# Please help Frank!!



## bigman8258 (Aug 23, 2004)

Thanks for any help Hastatus!


----------



## Brace (Apr 19, 2004)

That's a piraya. 100%


----------



## Grosse Gurke (Jan 3, 2003)

Yup...piraya.


----------



## bigman8258 (Aug 23, 2004)

Grosse Gurke said:


> Yup...piraya.


Thanks Jeff! Your word is as good as Franks, my only reason for questioning is the coloration does not extend above the lateral line and I do not see the tufted adipose!


----------



## Grosse Gurke (Jan 3, 2003)

When these fish are dark...it is harder to see the "flames"....but if you look close you will see some color stripes that run past the lateral line.
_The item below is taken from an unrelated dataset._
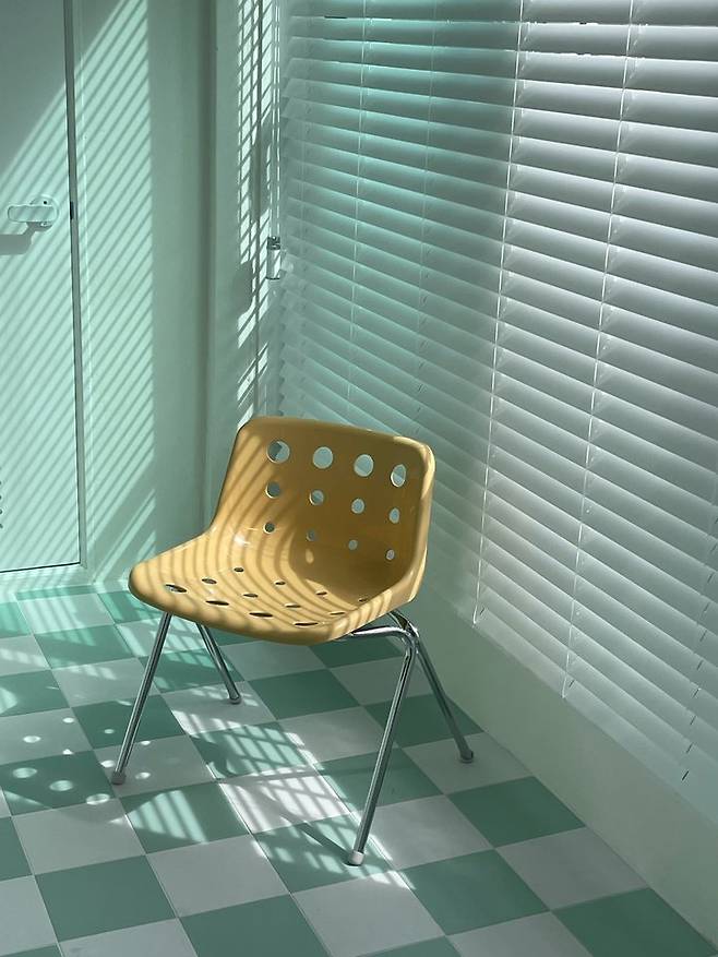 베란다 타일은 처음에는 무난한 그레이 톤으로 하려고 했다가 포인트를 주고 싶어서 고민 끝에 선택하게 된 200각 컬러 타일! 민트, 화이트 컬러로 체커보드 모양으로 붙였는데 아주 만족하고 있어요! 섀시 유리도 초록빛이 돌아서 너무 잘 어울려서 아주 만족하고 있답니다.

You can see the clear eye in the picture from a distance. The picture where you can see the adipose fin is too far away to see if it is rayed. That feature of these fish has always been difficult for me to see unless in person....and even then it can be hard to spot.


----------



## Trigga (Jul 1, 2006)

Told ya dude


----------



## bigman8258 (Aug 23, 2004)

Trigga said:


> Told ya dude


LOL smart ass! Thnx Trig!


----------



## PYRO ZOOTS (Aug 23, 2008)

nice looking fish!


----------